Welches Alter ist das beste zum Einstieg? Ab 7 Jahren funktioniert es, wenn dein Kind lesen kann und deine Unterstützung hat. Ab 9–10 Jahren können viele Kinder völlig selbstständig lernen. Mit 12+ können sie komplexe Projekte allein bauen.
Welches Buch ist das beste? Das deutschsprachige “Scratch 3.0 – Das große Handbuch” von Rheinwerk ist Nummer 1 für strukturiertes Lernen. Das dpunkt-Buch “Scratch – Spiele programmieren lernen” ist besser für Projekt-fokussierte Kinder.
Muss ich selbst programmieren können? Nein. Du brauchst keine Ahnung von Code, um dein Kind zu unterstützen. Deine Rolle ist: Gerät bereitstellen, neugierig zuschauen, Fragen stellen (“Was macht dieser Block?”), loben.

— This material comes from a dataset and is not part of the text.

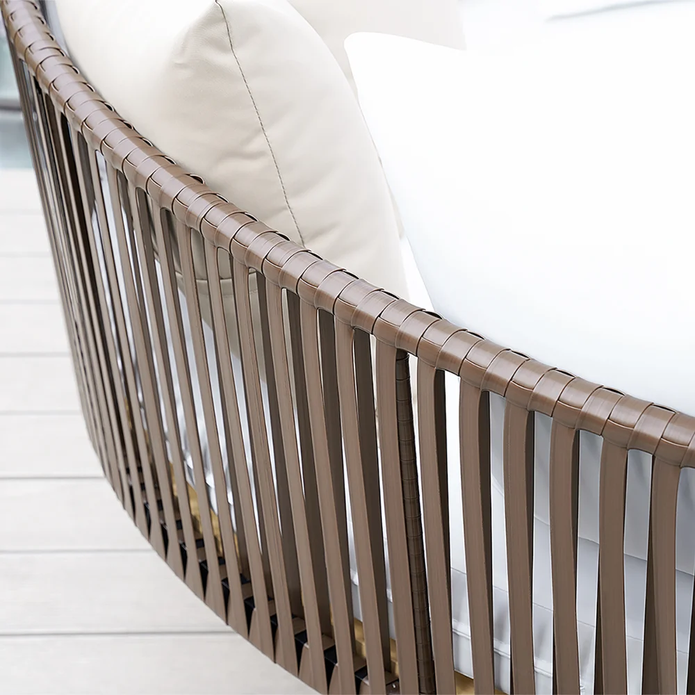 - Cushions crafted from weather-resistant fabric for outdoor durability.
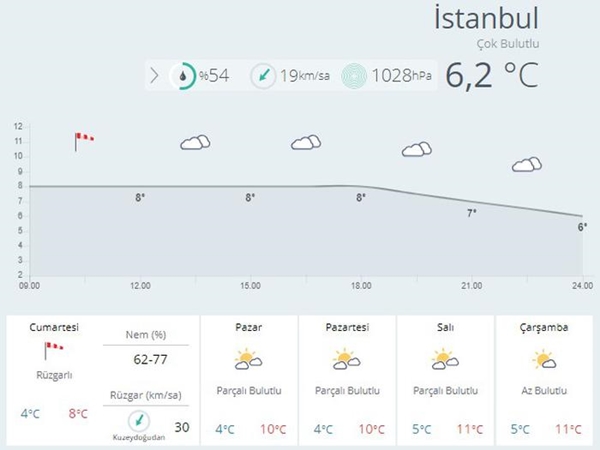 İstanbul hava durumu ile ilgili rüzgar uyarısında bulunan Meteoroloji Genel Müdürlüğü hava sıcaklıklarının 4 derecelere kadar düşeceğini belirtti. İl genelinde 5 gün boyunca en yüksek sıcaklık ise 11 derece olacak. Hafta boyunca parçalı bulutlu havanın hakim olacağı şehirde yağış ise beklenmiyor.

Können mehrere Kinder zusammen Scratch lernen? Ja, sehr gerne. Pair-Programming ist sogar die beste Methode – ein Kind schreibt Blöcke, das andere erklärt, was sie tun. Das verdoppelt das Verständnis.
Fazit
Scratch ist kostenlos – aber der richtige Einstieg braucht etwas Planung. Mit einem stabilen Gerät, einem guten deutschsprachigen Buch und später einem Roboter oder Bastelkit beschleunigst du das Lernen massiv. Fang mit dem kostenlosen Browser-Editor auf scratch.mit.edu an, schenk deinem Kind eines der beiden Handbücher (Rheinwerk oder dpunkt), und guck zu, wie es die nächsten Monate seine eigenen Spiele baut.
Die beste Investition ist nicht die teureste Hardware – es ist die Zeit, die du mit deinem Kind beim Ausprobieren verbringst.